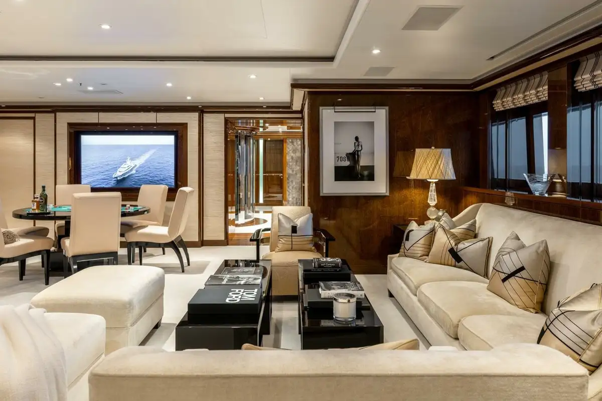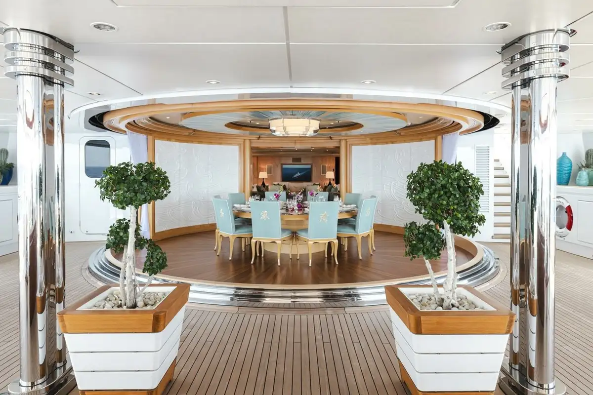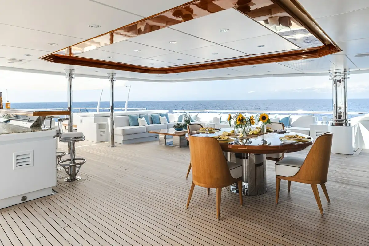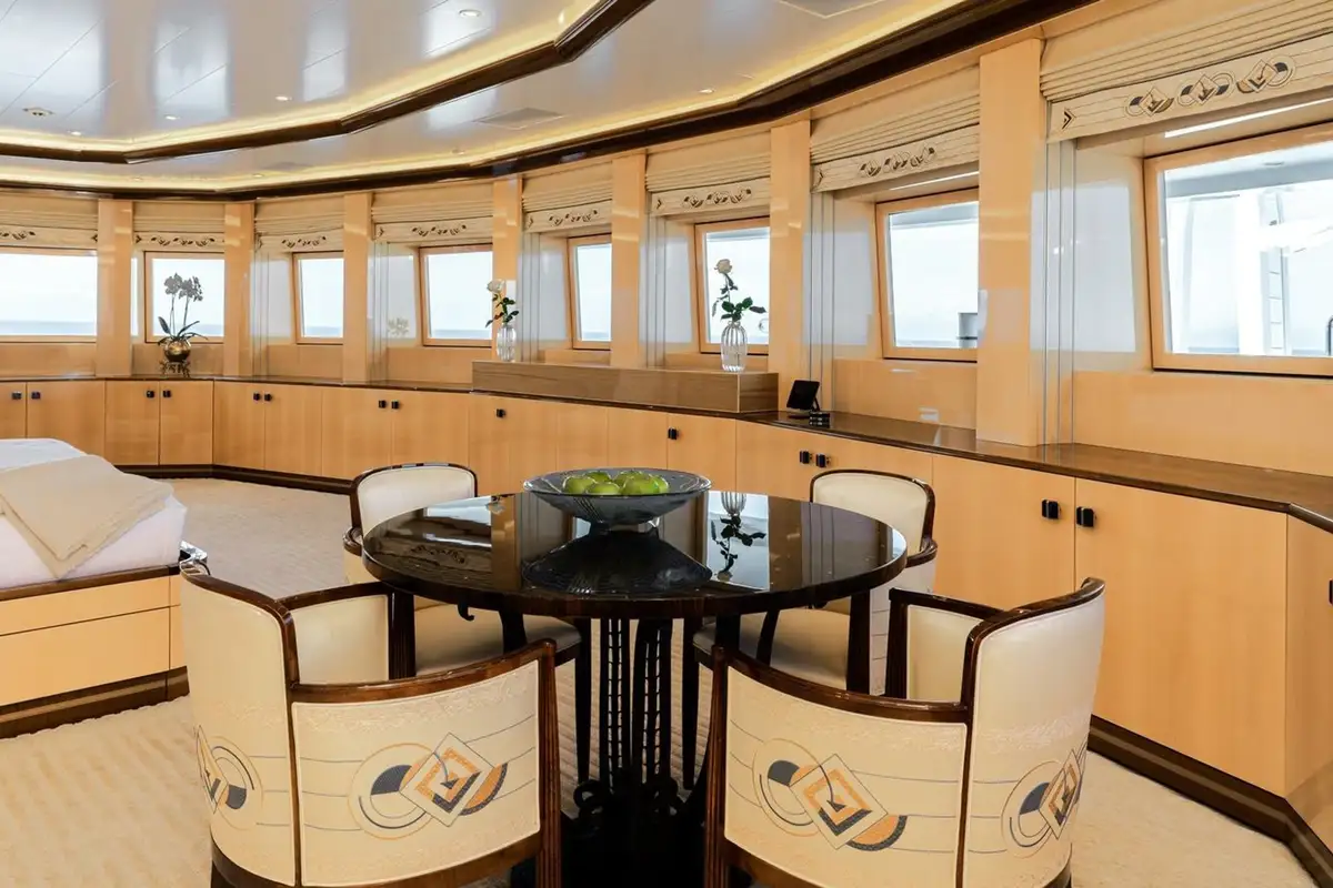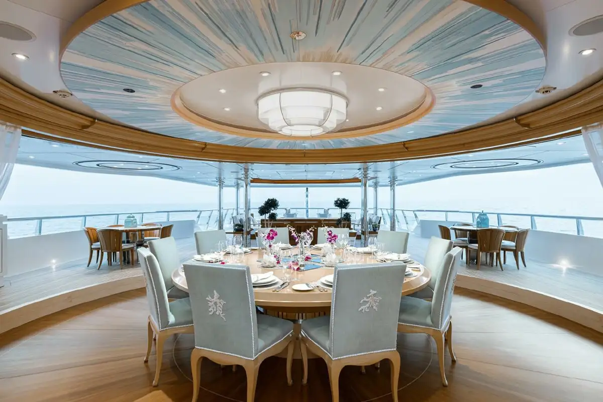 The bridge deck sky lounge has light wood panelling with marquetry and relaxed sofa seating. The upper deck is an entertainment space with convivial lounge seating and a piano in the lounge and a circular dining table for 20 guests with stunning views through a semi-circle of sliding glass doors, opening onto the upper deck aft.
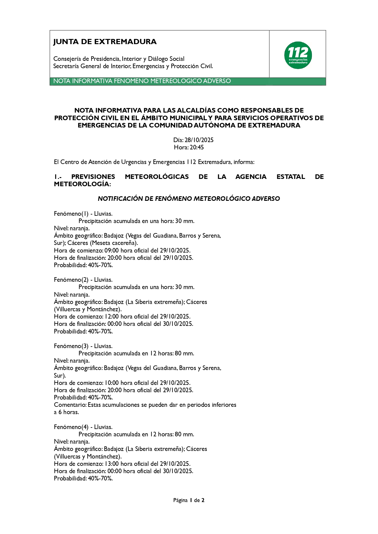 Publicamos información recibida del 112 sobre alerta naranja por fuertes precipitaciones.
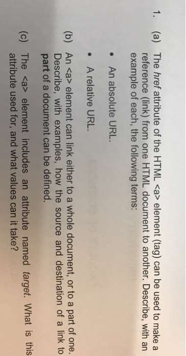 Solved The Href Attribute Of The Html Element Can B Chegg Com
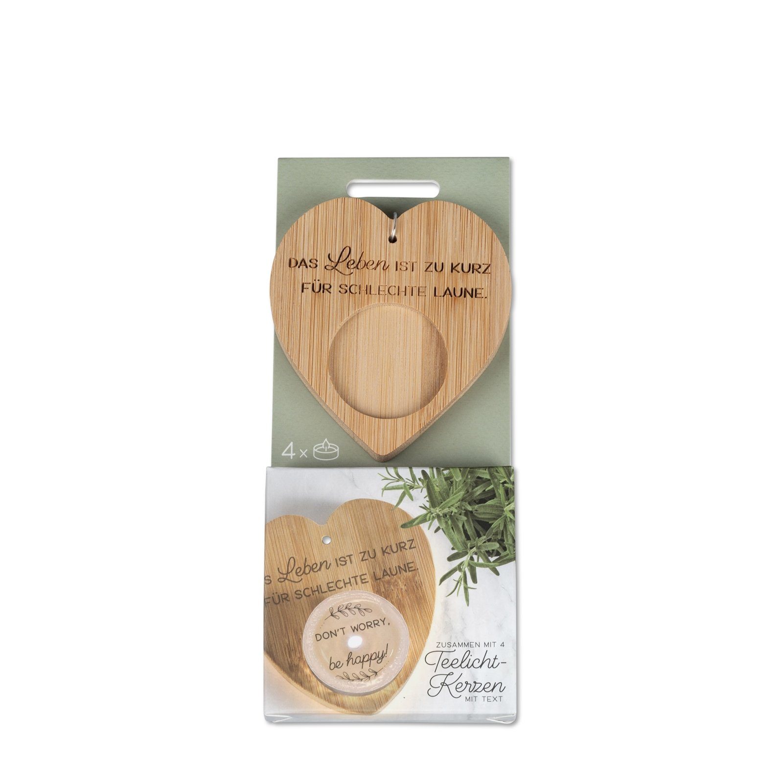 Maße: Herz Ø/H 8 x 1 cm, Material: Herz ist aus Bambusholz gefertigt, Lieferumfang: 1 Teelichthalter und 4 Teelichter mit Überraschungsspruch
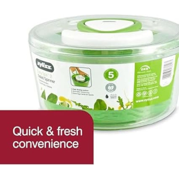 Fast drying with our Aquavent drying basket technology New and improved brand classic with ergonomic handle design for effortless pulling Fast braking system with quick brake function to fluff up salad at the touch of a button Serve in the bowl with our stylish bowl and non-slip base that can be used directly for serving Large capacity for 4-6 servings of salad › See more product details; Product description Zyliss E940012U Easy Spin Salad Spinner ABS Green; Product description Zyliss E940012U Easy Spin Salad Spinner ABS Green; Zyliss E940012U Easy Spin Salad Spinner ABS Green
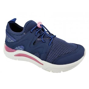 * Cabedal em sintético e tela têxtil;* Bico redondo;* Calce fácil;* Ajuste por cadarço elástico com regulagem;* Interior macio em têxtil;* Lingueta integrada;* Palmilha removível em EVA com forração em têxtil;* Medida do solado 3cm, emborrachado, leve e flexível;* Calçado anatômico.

--

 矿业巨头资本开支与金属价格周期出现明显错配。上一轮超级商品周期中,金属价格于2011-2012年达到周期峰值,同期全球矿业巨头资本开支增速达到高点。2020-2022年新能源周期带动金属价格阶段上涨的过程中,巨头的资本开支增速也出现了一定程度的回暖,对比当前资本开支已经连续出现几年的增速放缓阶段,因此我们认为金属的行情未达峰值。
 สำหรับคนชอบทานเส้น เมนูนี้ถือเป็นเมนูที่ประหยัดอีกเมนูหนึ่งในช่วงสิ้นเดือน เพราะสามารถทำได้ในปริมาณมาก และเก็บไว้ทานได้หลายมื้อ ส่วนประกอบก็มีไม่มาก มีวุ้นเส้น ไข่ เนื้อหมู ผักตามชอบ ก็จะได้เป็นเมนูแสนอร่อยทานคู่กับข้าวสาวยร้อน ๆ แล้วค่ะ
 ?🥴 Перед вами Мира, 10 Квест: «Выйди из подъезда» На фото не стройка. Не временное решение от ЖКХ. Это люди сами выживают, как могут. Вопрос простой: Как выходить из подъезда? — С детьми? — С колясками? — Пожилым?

==

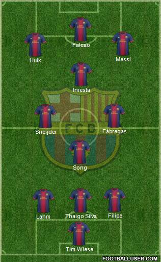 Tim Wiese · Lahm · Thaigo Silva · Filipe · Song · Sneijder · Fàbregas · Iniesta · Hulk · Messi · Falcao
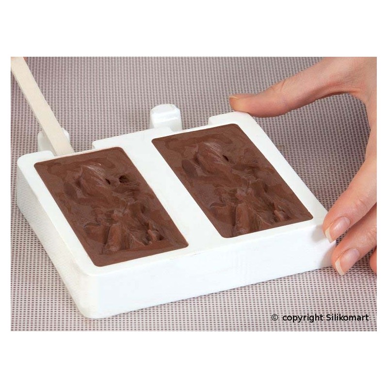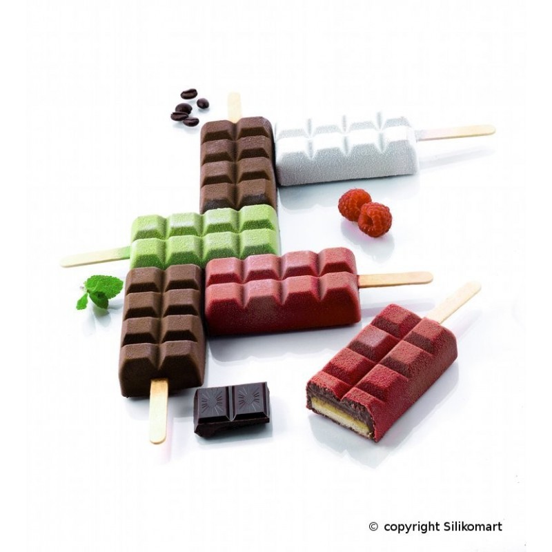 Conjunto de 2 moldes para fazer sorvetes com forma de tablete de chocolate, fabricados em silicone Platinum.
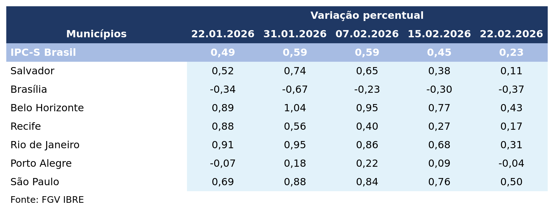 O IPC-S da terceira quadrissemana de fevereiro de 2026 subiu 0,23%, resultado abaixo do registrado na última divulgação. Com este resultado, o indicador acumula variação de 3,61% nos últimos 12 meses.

How to complete this task: Extract the part of the records that opens with the line containing "Conjunto de 2" and closes with the line containing "O IPC-S da terceira". Take only those lines, exactly, and no pictures.

Your response:
 Conjunto de 2 moldes para fazer sorvetes com forma de tablete de chocolate, fabricados em silicone Platinum.
 O IPC-S da terceira quadrissemana de fevereiro de 2026 subiu 0,23%, resultado abaixo do registrado na última divulgação. Com este resultado, o indicador acumula variação de 3,61% nos últimos 12 meses.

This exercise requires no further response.